>>>
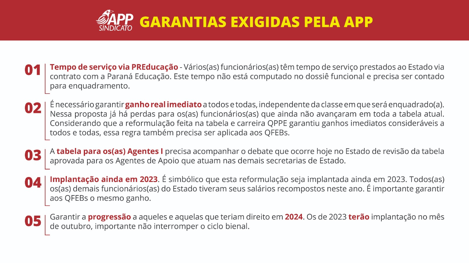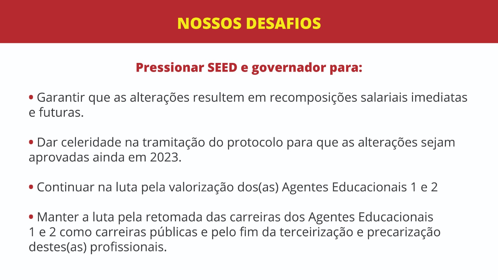 Entre os pontos de incerteza, está a proposição de uma tabela diferenciada para os(as) Agentes I, uma vez que a proposta aprovada para os(as) QPPE é considerada muito inferior ao esperado.
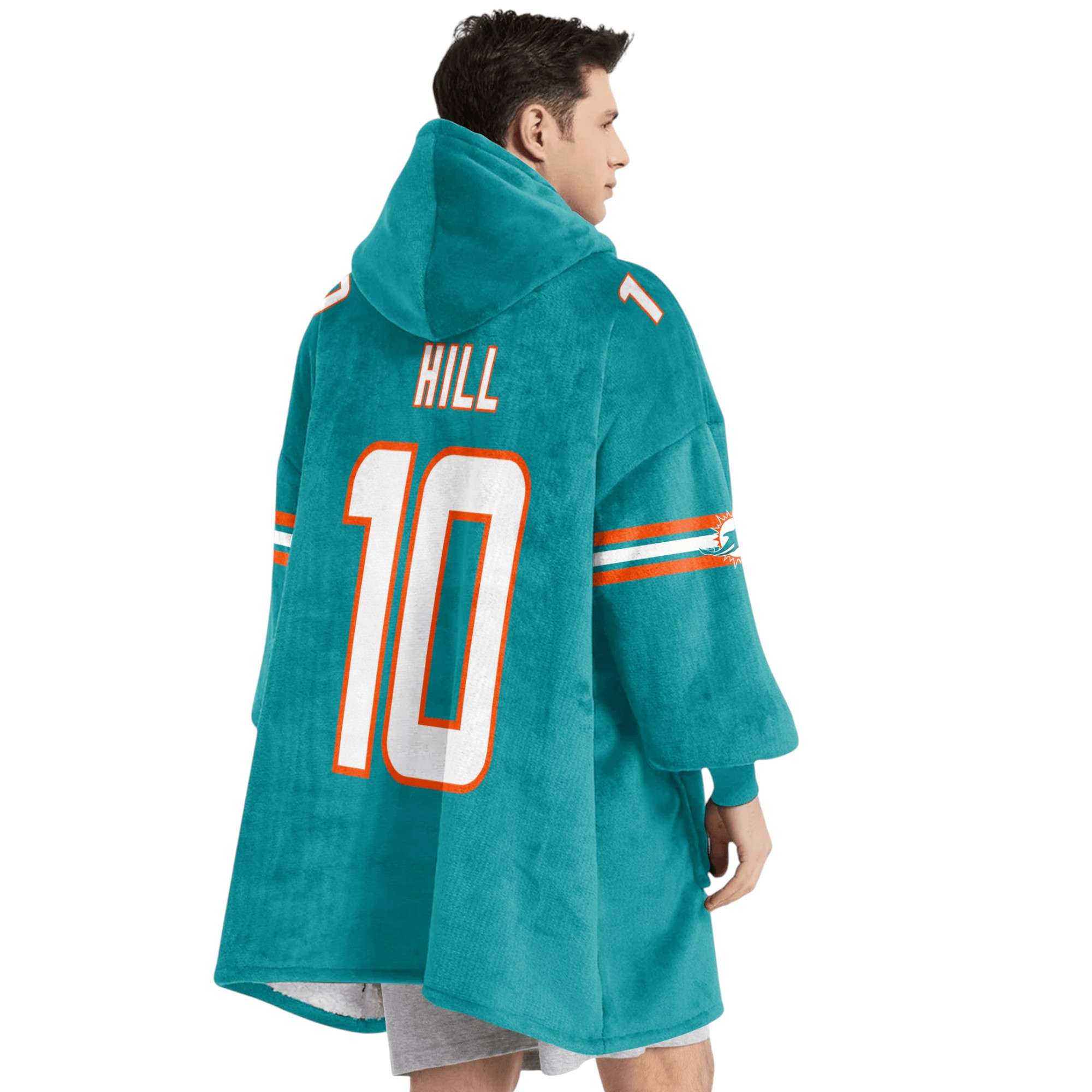 - The back features a star-studded tribute: the name HILL and the number 10, paying tribute to Tyreek Hill’s speed and talent. This design transforms into a super cozy blanket hoodie, allowing fans to show off their pride for their favorite player in the most comfortable and cozy way, perfect for relaxing football nights.
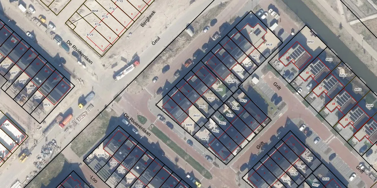 Geul 8 is gelegen op kadastraal perceel MSR00K8411. Deze kadastrale aanduiding is uniek en wordt gebruikt door het Kadaster om eigendomsrechten en andere zakelijke rechten vast te leggen. Het perceel maakt onderdeel uit van de kadastrale gemeente Monster.
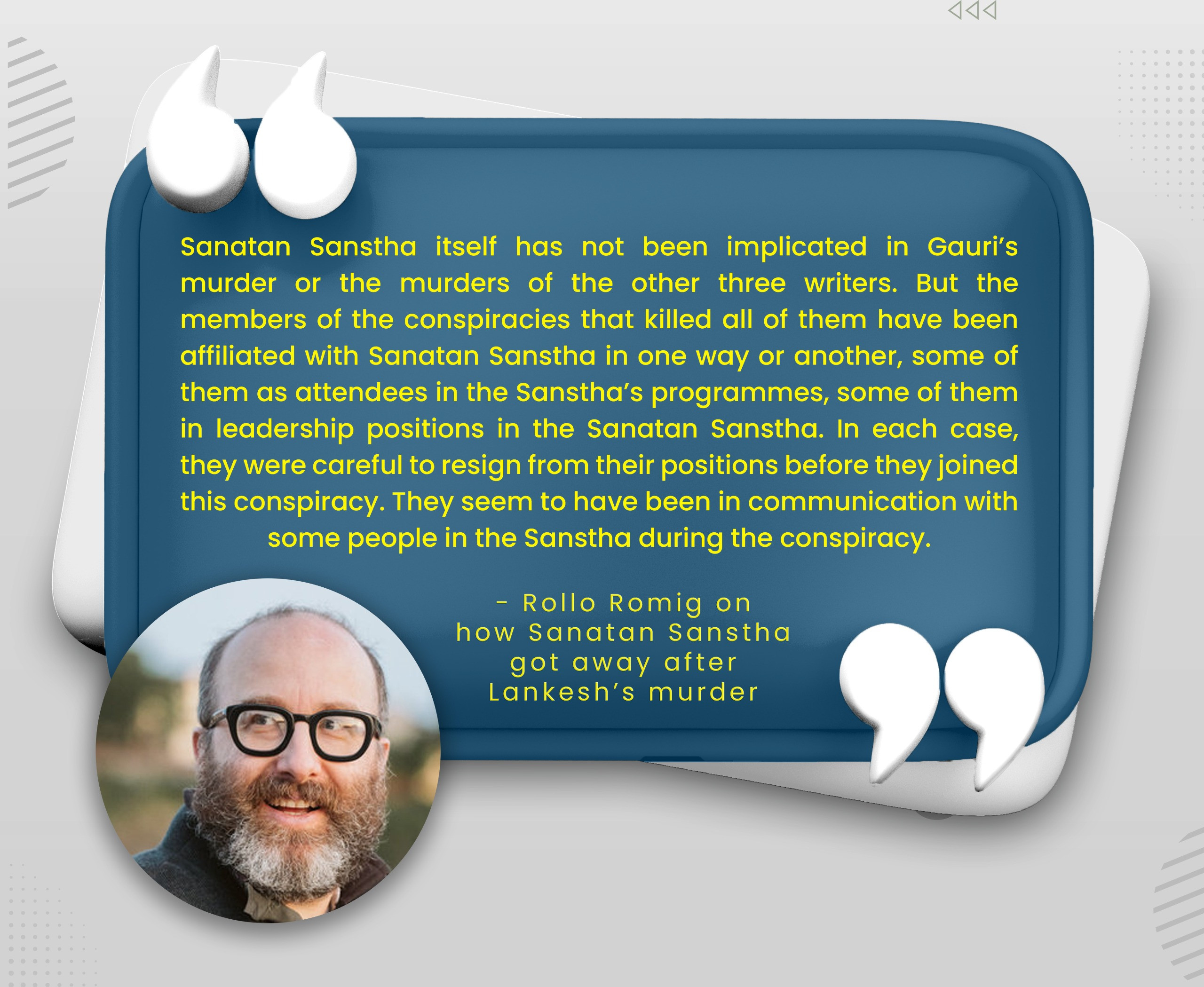 Sanatan Sanstha itself has not been implicated in Gauri’s murder or the murders of the other three writers. But the members of the conspiracies that killed all of them have been affiliated with Sanatan Sanstha in one way or another, some of them as attendees in the Sanstha’s programmes, some of them in leadership positions in the Sanatan Sanstha. In each case, they were careful to resign from their positions before they joined this conspiracy. They seem to have been in communication with some people in the Sanstha during the conspiracy. But the distancing seems to have worked and the Sanstha has not been implicated. Their influence only seems to have grown.
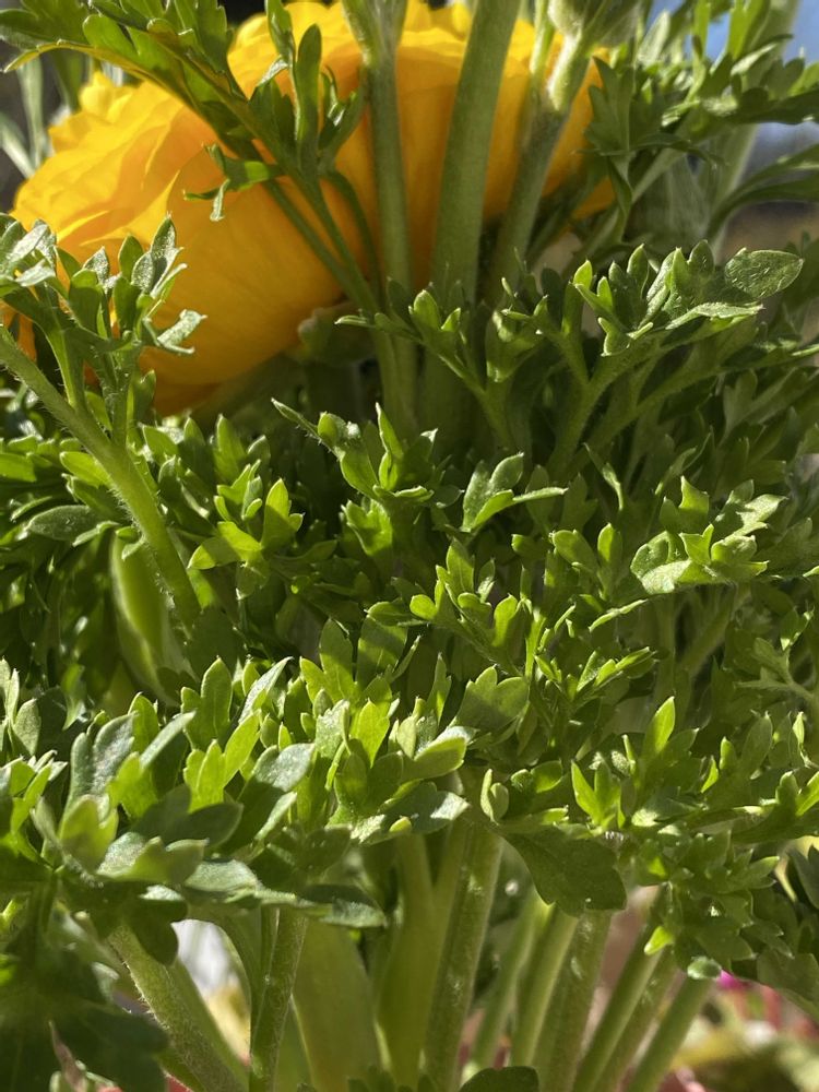 葉っぱメインのラナンキュラスとアルメリアピンクボール、本当に葉っぱねと思ったら、花があって、ホッとしましたよ。🩷💓🩷💓🩷
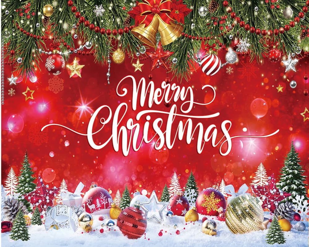 Festive Design: This backdrop features vibrant red colors, sparkling Christmas ornaments, Christmas trees, and a festive "Merry Christmas" message, creating a joyful atmosphere for your holiday celebrations.
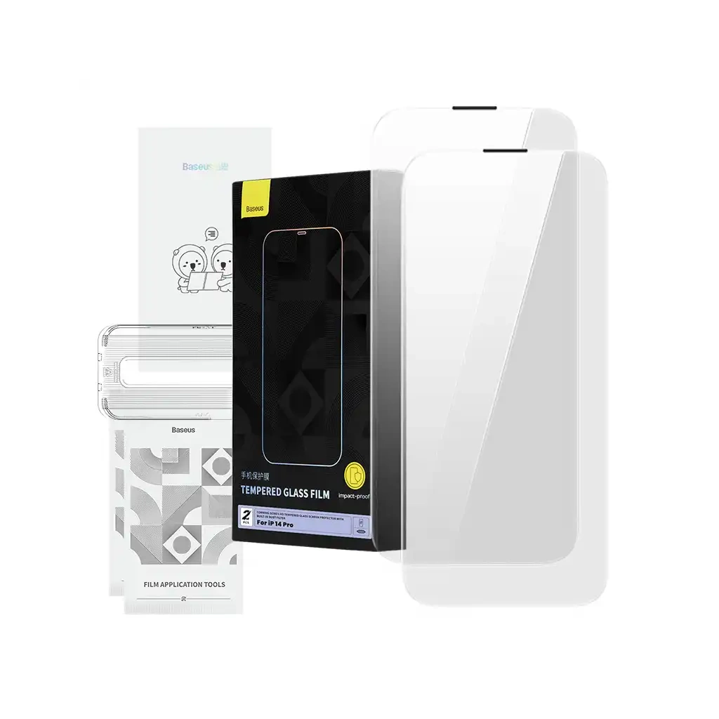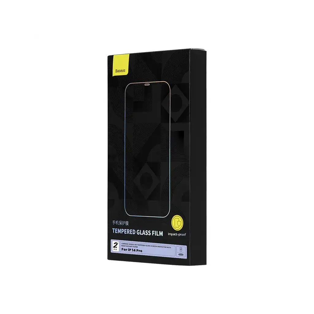 Nezbytné příslušenství pro váš telefon! Tvrzené sklo, které jsme navrhli speciálně pro váš iPhone, pochází od mezinárodní technologické společnosti Corning, která vyrábí skleněné komponenty pro Apple. Chraňte svůj telefon tím nejlepším! Vysoký stupeň tvrdosti chrání displej před pády a nárazy a zabraňuje poškrábání. Plně pokrývá obrazovku modelů iPhone řady 14 Pro a chrání také reproduktor před prachem a dalšími nečistotami. Sklo je vysoce průhledné, takže nedochází ke zkreslení barev, a jeho oleofobní vrstva eliminuje mastné skvrny a otisky prstů. Vsaďte na kvalitu se společností Baseus!
<<<
→ **WHAT TO DO**
Take the line that contains "Festive Design: This" and every line after it to the end of the records above; quote them exactly, leaving out the pictures.

→ **ANSWER BOX**
 Festive Design: This backdrop features vibrant red colors, sparkling Christmas ornaments, Christmas trees, and a festive "Merry Christmas" message, creating a joyful atmosphere for your holiday celebrations.
 Nezbytné příslušenství pro váš telefon! Tvrzené sklo, které jsme navrhli speciálně pro váš iPhone, pochází od mezinárodní technologické společnosti Corning, která vyrábí skleněné komponenty pro Apple. Chraňte svůj telefon tím nejlepším! Vysoký stupeň tvrdosti chrání displej před pády a nárazy a zabraňuje poškrábání. Plně pokrývá obrazovku modelů iPhone řady 14 Pro a chrání také reproduktor před prachem a dalšími nečistotami. Sklo je vysoce průhledné, takže nedochází ke zkreslení barev, a jeho oleofobní vrstva eliminuje mastné skvrny a otisky prstů. Vsaďte na kvalitu se společností Baseus!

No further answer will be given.